- _Exercise prompt_: Lines to restate from the data below: from the one containing "Wooden trays with" to the one containing "Beautifully updated home", both included. Give them again exactly, and only them.

- _Provided data_:
####################

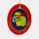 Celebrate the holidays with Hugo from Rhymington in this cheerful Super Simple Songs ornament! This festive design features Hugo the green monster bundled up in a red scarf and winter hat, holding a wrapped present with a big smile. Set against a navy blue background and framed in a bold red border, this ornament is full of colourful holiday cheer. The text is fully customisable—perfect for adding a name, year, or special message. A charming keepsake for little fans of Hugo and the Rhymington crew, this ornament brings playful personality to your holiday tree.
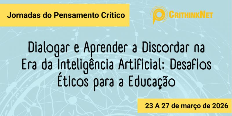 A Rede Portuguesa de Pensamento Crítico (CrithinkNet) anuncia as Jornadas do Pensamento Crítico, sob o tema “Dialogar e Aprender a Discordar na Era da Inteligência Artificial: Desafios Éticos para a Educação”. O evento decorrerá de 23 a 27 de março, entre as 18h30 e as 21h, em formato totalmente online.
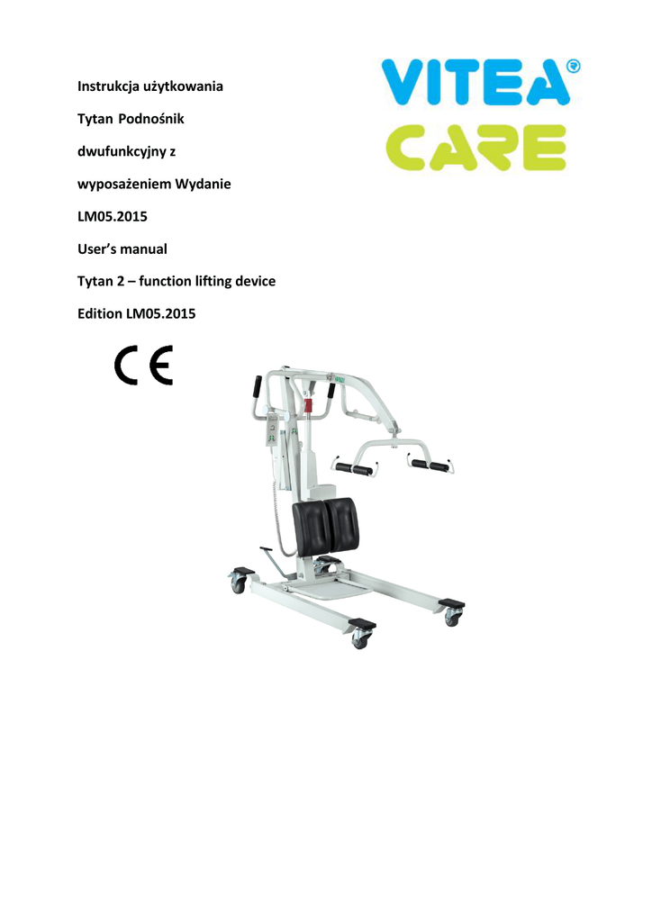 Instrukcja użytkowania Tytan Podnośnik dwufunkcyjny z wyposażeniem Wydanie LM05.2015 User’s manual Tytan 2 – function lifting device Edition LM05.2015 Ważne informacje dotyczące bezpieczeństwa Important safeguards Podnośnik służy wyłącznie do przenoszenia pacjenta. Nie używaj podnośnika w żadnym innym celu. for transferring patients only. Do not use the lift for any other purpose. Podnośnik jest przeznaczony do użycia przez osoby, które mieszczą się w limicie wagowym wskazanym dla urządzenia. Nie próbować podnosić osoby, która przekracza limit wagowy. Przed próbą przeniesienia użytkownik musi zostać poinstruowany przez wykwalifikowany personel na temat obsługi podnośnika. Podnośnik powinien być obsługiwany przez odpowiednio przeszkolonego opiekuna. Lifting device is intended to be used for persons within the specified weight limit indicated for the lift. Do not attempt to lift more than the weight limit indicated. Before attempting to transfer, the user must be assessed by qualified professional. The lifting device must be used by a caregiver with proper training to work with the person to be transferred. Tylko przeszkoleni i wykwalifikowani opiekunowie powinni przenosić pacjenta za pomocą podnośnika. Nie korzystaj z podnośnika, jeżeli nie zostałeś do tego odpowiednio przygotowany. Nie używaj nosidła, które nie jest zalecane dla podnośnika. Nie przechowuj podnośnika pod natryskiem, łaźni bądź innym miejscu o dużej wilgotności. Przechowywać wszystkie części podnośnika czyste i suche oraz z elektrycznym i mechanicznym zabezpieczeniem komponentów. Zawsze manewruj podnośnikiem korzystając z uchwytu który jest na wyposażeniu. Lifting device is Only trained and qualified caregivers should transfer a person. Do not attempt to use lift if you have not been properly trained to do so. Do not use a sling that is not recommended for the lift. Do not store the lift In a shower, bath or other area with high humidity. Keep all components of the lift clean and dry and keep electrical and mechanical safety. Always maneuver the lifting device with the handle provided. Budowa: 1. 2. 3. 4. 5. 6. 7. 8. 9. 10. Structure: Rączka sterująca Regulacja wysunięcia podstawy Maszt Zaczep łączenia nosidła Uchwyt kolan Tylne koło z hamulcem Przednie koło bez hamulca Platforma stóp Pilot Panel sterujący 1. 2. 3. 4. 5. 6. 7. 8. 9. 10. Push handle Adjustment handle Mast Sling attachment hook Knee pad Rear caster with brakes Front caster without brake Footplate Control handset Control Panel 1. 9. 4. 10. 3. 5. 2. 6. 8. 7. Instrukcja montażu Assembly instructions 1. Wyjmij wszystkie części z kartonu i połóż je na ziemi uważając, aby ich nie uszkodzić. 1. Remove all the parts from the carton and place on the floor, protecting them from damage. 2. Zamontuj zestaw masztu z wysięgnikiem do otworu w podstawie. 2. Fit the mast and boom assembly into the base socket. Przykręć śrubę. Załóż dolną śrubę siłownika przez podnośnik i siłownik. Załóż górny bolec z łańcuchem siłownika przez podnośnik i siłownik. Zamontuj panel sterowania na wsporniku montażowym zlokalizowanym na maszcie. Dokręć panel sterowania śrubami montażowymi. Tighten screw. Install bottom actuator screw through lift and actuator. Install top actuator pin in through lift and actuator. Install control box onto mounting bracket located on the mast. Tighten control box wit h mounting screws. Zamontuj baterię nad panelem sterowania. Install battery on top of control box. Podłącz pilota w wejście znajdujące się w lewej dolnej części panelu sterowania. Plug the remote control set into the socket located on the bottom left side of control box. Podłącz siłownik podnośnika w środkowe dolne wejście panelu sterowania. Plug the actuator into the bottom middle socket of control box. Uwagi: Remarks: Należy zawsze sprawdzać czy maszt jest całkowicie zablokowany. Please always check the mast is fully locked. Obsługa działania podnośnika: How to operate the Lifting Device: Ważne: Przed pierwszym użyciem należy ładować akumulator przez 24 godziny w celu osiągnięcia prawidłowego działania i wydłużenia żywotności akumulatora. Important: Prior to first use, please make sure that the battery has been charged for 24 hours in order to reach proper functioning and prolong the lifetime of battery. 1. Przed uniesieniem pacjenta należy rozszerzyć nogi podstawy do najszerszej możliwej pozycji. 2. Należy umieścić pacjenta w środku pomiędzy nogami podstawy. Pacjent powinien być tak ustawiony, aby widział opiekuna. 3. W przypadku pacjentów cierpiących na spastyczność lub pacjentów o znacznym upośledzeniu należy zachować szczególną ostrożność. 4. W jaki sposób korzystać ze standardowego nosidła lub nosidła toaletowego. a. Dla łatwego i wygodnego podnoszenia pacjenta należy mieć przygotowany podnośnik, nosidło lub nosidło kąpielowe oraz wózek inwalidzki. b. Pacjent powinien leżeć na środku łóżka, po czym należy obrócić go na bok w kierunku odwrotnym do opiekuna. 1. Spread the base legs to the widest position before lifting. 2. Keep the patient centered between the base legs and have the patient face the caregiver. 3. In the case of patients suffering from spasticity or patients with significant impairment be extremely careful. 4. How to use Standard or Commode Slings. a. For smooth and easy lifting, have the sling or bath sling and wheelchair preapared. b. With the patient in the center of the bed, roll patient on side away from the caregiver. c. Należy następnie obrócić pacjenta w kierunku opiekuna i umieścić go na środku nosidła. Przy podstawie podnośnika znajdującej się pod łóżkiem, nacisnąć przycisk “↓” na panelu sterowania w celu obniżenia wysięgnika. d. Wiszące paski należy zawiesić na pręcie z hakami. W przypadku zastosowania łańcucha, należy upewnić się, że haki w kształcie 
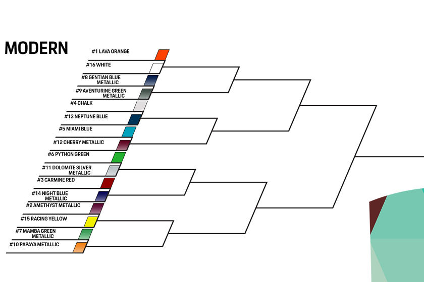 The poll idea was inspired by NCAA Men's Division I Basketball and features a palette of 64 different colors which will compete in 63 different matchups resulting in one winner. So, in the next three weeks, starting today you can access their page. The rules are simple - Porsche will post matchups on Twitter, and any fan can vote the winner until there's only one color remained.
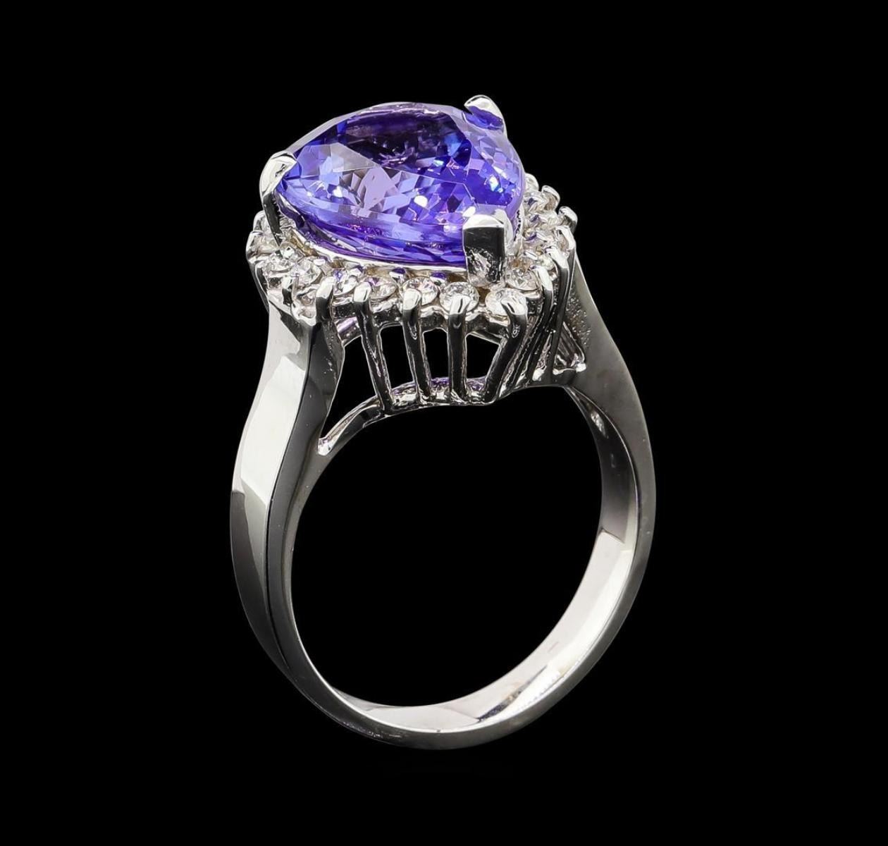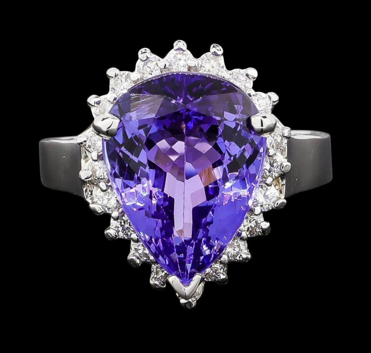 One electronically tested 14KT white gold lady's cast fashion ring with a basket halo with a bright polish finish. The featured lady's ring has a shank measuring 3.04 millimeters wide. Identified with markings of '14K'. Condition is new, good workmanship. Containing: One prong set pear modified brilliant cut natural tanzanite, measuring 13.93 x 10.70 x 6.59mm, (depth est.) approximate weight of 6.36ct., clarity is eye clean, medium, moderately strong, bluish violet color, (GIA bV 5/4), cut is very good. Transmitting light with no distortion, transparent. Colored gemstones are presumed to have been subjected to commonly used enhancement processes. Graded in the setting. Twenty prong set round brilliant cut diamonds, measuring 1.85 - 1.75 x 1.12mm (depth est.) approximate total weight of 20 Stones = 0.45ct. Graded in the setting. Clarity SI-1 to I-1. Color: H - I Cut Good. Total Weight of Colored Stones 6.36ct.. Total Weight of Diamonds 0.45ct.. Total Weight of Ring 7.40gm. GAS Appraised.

####################

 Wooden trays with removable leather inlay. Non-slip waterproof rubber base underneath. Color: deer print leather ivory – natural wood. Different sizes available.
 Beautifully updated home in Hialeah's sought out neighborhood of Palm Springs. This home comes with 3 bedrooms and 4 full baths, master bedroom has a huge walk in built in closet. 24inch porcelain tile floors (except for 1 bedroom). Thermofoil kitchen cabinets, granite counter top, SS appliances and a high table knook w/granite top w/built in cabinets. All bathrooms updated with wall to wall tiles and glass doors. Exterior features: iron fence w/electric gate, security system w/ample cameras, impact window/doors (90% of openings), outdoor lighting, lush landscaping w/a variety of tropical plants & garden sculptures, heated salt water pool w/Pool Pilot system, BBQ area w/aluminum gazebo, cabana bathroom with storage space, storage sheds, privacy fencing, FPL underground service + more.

####################

- _Output of the exercise_:
 Wooden trays with removable leather inlay. Non-slip waterproof rubber base underneath. Color: deer print leather ivory – natural wood. Different sizes available.
 Beautifully updated home in Hialeah's sought out neighborhood of Palm Springs. This home comes with 3 bedrooms and 4 full baths, master bedroom has a huge walk in built in closet. 24inch porcelain tile floors (except for 1 bedroom). Thermofoil kitchen cabinets, granite counter top, SS appliances and a high table knook w/granite top w/built in cabinets. All bathrooms updated with wall to wall tiles and glass doors. Exterior features: iron fence w/electric gate, security system w/ample cameras, impact window/doors (90% of openings), outdoor lighting, lush landscaping w/a variety of tropical plants & garden sculptures, heated salt water pool w/Pool Pilot system, BBQ area w/aluminum gazebo, cabana bathroom with storage space, storage sheds, privacy fencing, FPL underground service + more.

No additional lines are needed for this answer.